Il chercha alors la trace de cette exposition dont parlait le journal et finit par en trouver le catalogue sur le site de la galerie. Aucun nom d’artiste ne lui était familier et les œuvres exposées lui semblèrent particulièrement extravagantes. Il revint donc à l’article. Une autre photo, de groupe cette fois, le clôturait. Il y aperçut Sylvaine, entourée des organisateurs de l’exposition et cramponnée au bras d’un jeune homme maigre et noir de cheveux. D’après le commentaire, il s’agissait d’Olivier Strome, mais rien n’indiquait les raisons de sa présence dans cet endroit. Steve nota son nom sur une de ses feuilles.

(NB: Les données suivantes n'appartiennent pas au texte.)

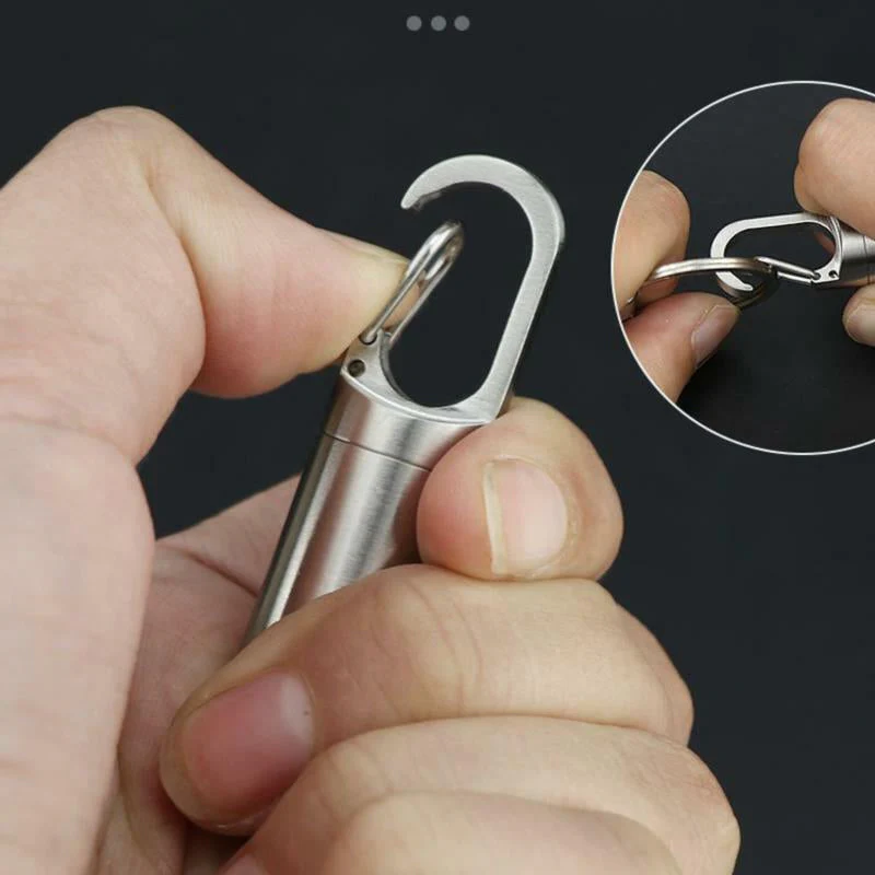 - Het is een pillendoosje op zak of een waterdichte opberger aan je sleutelbos.

Marie, elle, semblait s’amuser beaucoup. Les yeux rivés sur son ordinateur elle émettait régulièrement des petits sifflements en feuilletant les comptes Twitter de tout ce petit monde. Contrairement à Steve qui sentait l’angoisse l’envahir face à cette enquête si particulière, elle adorait l’idée de côtoyer les célébrités de sa ville. Cela lui donnait une impression de puissance très agréable.
Angelo Fonsi les rejoignit au milieu de l’après-midi. Comme toujours, il avait enquêté avec patience tout autour de la place sans omettre le moindre bouton de sonnette. Entre la cathédrale, un immeuble en chantier et de nombreux commerces, peu de gens habitaient l’endroit. À l’heure où le crime avait été commis, les rares habitants du coin dormaient paisiblement, souvent dans des chambres donnant sur cour. Quant aux commerces, ils n’avaient ouvert que pour assister au ballet de la police et des ambulances. Seule une jeune habitante de la rue du Pont d’Île disait avoir entendu, puis vu, une jeune fille poursuivie par des garçons. Mais, à l’entendre, la scène n’avait rien de dramatique. Cela semblait, au contraire, un jeu qui faisait rire tout le monde.
« Tu auras le rapport pour la fin de la journée », conclut-il, avant d’être interrompu par l’arrivée du commissaire Clermont. Celui-ci commença par soupirer en les regardant tous les trois, puis leur annonça qu’il n’avait que trois mots à leur dire : vigilance, discrétion et célérité. Il insista sur la notoriété de Pierre Fiori et sur le milieu que sa fille côtoyait, mit à leur disposition tout ce dont ils avaient besoin et termina en leur annonçant que l’erreur était inenvisageable. Enfin, il les rassura en affirmant qu’il s’occuperait personnellement de la presse.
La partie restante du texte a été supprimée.